▸ **Exercise details**: Within the listing below, give again exactly the lines between the one containing "Amethyst pendant crafted" and the one containing "recalcó Leo Montañez.", inclusive, pictures left aside.

▸ **Dataset records**:
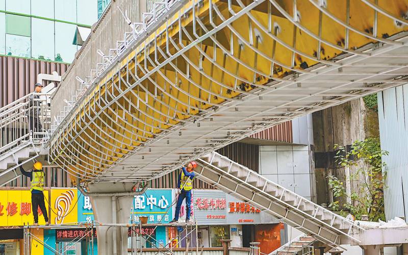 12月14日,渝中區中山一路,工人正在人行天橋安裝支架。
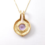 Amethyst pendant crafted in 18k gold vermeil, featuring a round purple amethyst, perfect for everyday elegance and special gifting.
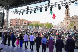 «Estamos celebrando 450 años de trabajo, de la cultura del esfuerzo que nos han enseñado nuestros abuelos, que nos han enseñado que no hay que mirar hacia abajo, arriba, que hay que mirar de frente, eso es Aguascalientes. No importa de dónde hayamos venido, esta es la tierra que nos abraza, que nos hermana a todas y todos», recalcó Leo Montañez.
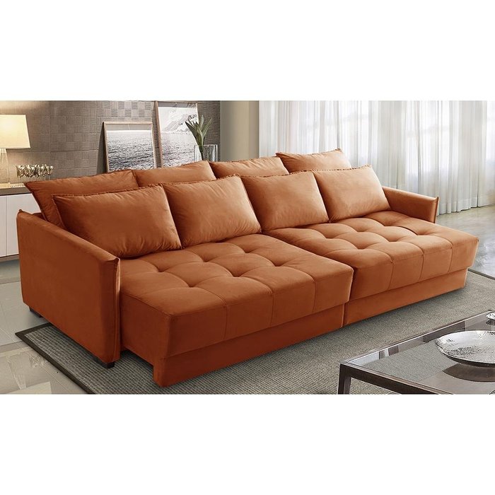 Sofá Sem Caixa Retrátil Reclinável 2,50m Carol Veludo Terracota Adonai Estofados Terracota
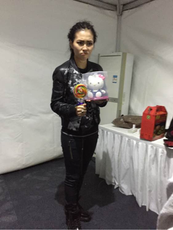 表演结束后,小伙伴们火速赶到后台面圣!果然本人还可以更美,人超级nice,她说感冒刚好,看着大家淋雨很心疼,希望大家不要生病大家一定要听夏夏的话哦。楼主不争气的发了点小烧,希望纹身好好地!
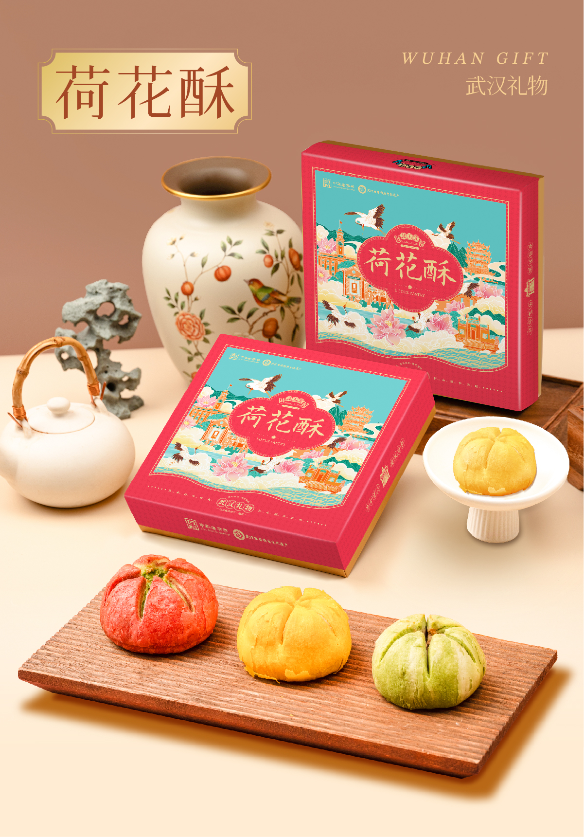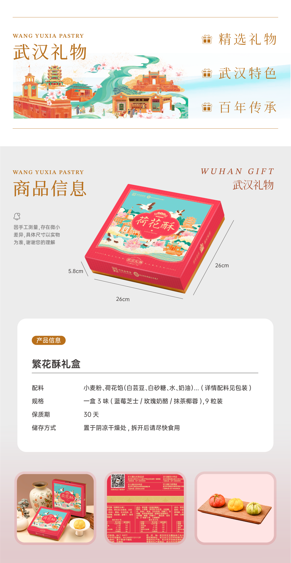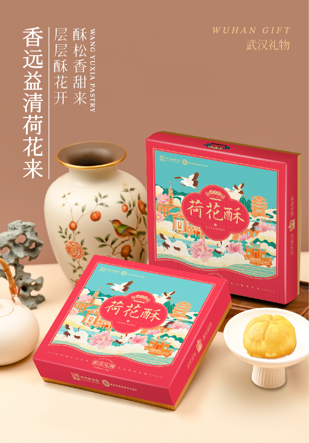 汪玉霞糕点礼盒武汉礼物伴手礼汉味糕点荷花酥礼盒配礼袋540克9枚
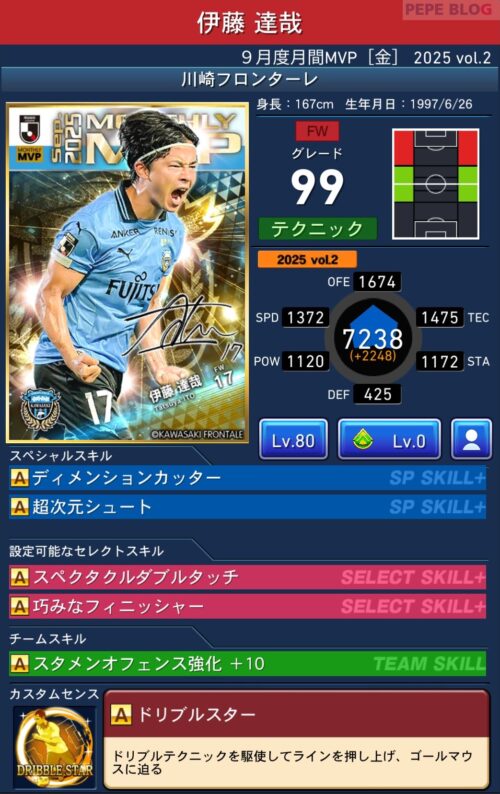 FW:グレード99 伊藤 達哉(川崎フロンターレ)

▸ **Exercise response**:
 Amethyst pendant crafted in 18k gold vermeil, featuring a round purple amethyst, perfect for everyday elegance and special gifting.
 «Estamos celebrando 450 años de trabajo, de la cultura del esfuerzo que nos han enseñado nuestros abuelos, que nos han enseñado que no hay que mirar hacia abajo, arriba, que hay que mirar de frente, eso es Aguascalientes. No importa de dónde hayamos venido, esta es la tierra que nos abraza, que nos hermana a todas y todos», recalcó Leo Montañez.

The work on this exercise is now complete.